◆ DATASET EXCERPT ◆

=-=-=-=-=

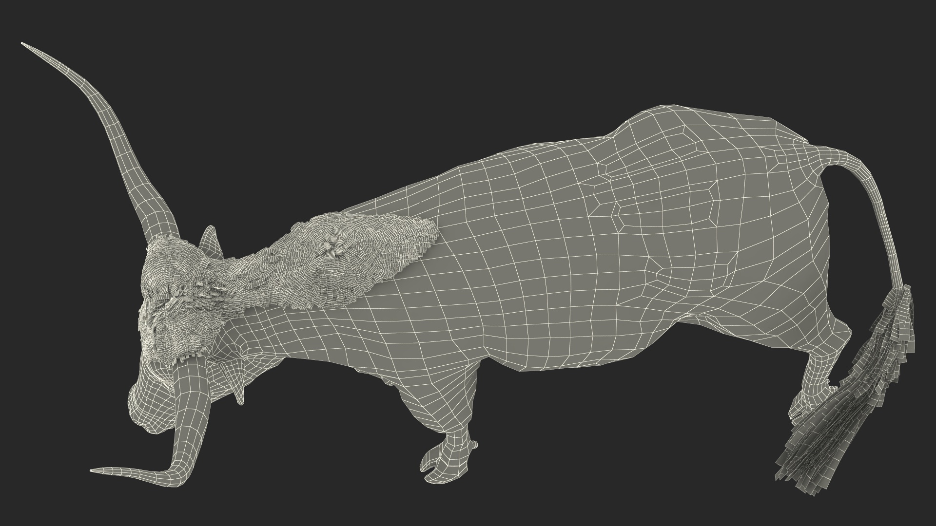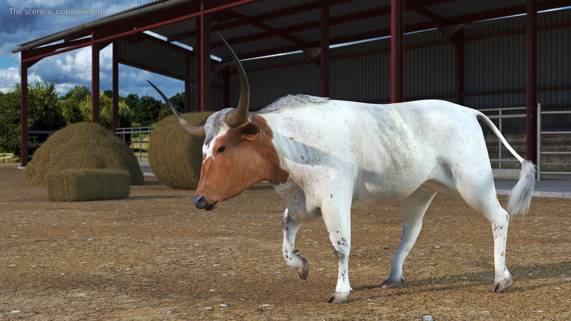 White Texas Longhorn Bull Walking Pose is a three-dimensional model of large Texas Longhorn bull which characterized by its long and noticeable curved horns, muscular build, extensive horn span, and stocky build, suitable for western ranch and wildlife scenes.
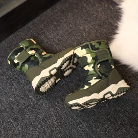 Casual Comfortable Camouflage Snow Boots With Hook And Loop Fastener For Boys, Waterproof Soft Warm Plus Fleece Boots For Outdoor Walking Hiking, Winter
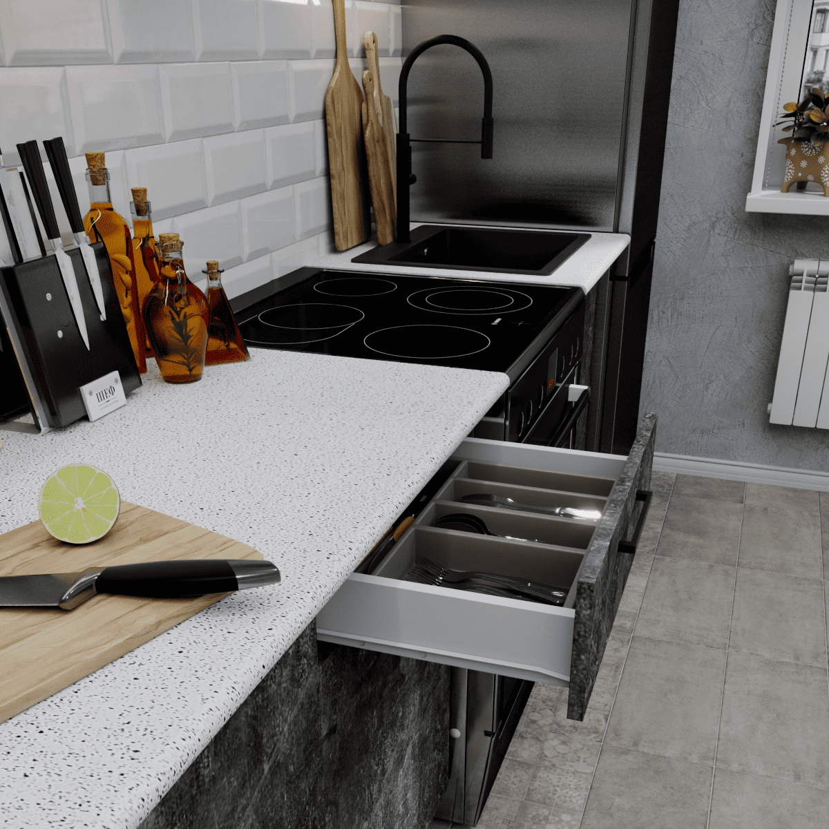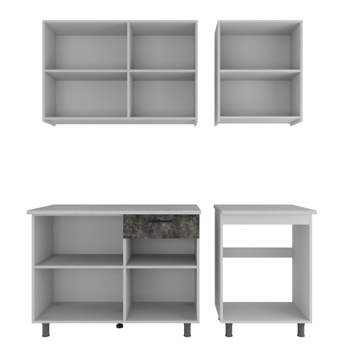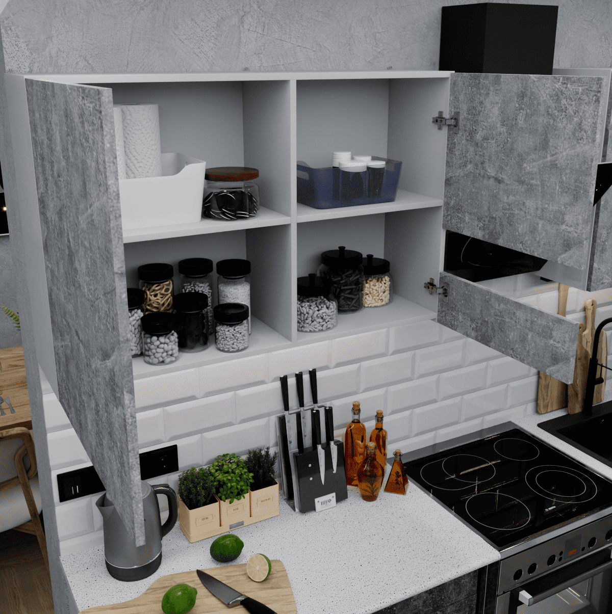 Стильный кухонный гарнитур РОЗАЛИЯ шириной 1700 мм — это современное решение в стиле лофт, выполненное из качественного ЛДСП. Трендовая комбинация фасадов в декорах цемент темный и цемент светлый создает эффектный урбанистический контраст, а изящная стеклостворка в верхнем ярусе добавляет композиции визуальной легкости. Особенностью дизайна является отсутствие лицевой фурнитуры на верхних модулях: они открываются за выступающий снизу торец, что подчеркивает минимализм интерьера. Для функциональной организации рабочего пространства кухня комплектуется практичной раздельной столешницей толщиной 26 мм в цвете Антарес (1100 мм и 600 мм), делая эту модель удобным и эстетичным выбором для вашего дома.
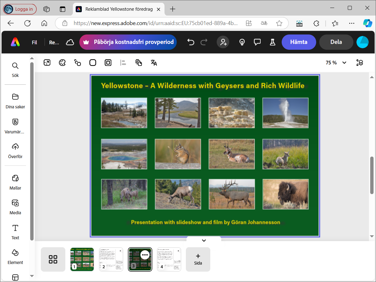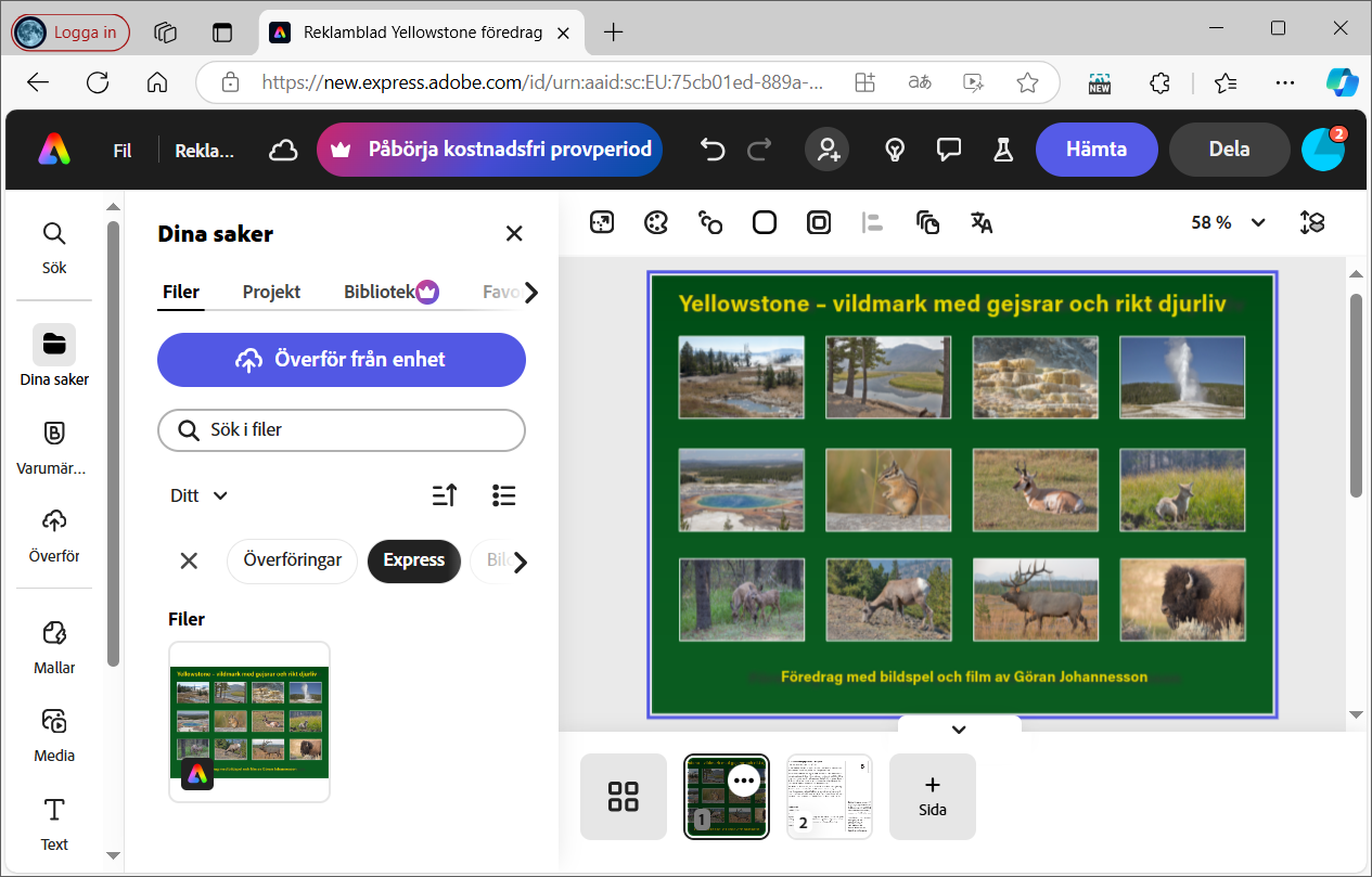 Här kommer månadens nyhetsbrev med tips för effektivare arbete i dina grafiska program. Distanskurs Arbeta effektivt med InDesignInDesign är idag det dominerande verktyget för professionell framtagning av reklammaterial, tidningar, tidskrifter, böcker, manualer, rapporter m m. Varje ny version får hela tiden mer avancerade funktioner som förbättrar möjligheterna men som samtidigt höjer kraven på kunskaper hos användarna. Målet med den här distanskursen i mötesprogrammet Zoom är att hjälpa erfarna användare att dra full nytta av InDesigns många kraftfulla funktioner vid framtagning av trycksaker och elektroniska dokument. Läs mer om distanskursen Arbeta effektivt med InDesign: Utöka monterade bilder via AI-teknik hos InDesignInDesign 2025 (version 20.0) har en användbar ny funktion benämnd Generativ utökning som via AI-teknik kan utöka monterade bilder så att de får ett annat bredd/höjd-förhållande än hos originalbilden. Med Generativ utökning kan du använda liggande motiv även när det behövs en kvadratisk eller stående bild. Medlemmar kan läsa mer i avdelningen Användartips till InDesign: Skapa grafik från textbeskrivning via Generativ AI hos IllustratorAdobe Illustrator 2025 (version 29.0) har en helt ny funktion som via Generativ AI kan skapa grafik helt automatiskt med utgångspunkt från en textbeskrivning, vilken du skriver in i ett nytt Kontextuellt aktivitetsfält. Medlemmar kan läsa mer i avdelningen Användartips till Illustrator: Redigera och översätt PDF-filer med Adobe ExpressDet nätbaserade onlineverktyget Adobe Express, som kan användas kostnadsfritt av alla, erbjuder bra funktioner för redigering av PDF-filer och även för översättning av PDF-filer till mer än 40 olika språk. För att börja arbeta med Adobe Express använder du med fördel webbläsaren Google Chrome och navigerar till nedanstående webbadress: När du skapat ett kostnadsfritt konto är det klart att börja använda tjänsten. Adobe Express kan både användas för att skapa nya filer i form av texter, bilder, filmer och animeringar samt för att redigera befintliga filer som förs över från din dator. Tjänsten använder ett eget filformat och alla filer som förs över till/från datorn konverteras från/till detta filformat helt automatiskt. Överför PDF-filer från datorn till Adobe ExpressFör att föra över en PDF-fil från din dator till Adobe Express väljer du Dina saker och klickar på den stora blå knappen Överför från enhet. I fildialogen som då visas navigerar du till och väljer önskad PDF-fil på din dator. När filen hämtats från datorn till Adobe Express visas den som en miniatyr i undre delen av området Dina saker. Om du klickar på miniatyren så öppnas den konverterade PDF-filen i det stora fönstret till höger så att du kan redigera den. Under det öppnade dokumentet visas miniatyrer för alla sidorna hos filen.

=-=-=-=-=

◆ PROBLEM DESCRIPTION ◆
Exactly restate the lines from the beginning of the data through the line with "Casual Comfortable Camouflage", and no others, keeping pictures out.

◆ EXERCISE RESULT ◆
 White Texas Longhorn Bull Walking Pose is a three-dimensional model of large Texas Longhorn bull which characterized by its long and noticeable curved horns, muscular build, extensive horn span, and stocky build, suitable for western ranch and wildlife scenes.
 Casual Comfortable Camouflage Snow Boots With Hook And Loop Fastener For Boys, Waterproof Soft Warm Plus Fleece Boots For Outdoor Walking Hiking, Winter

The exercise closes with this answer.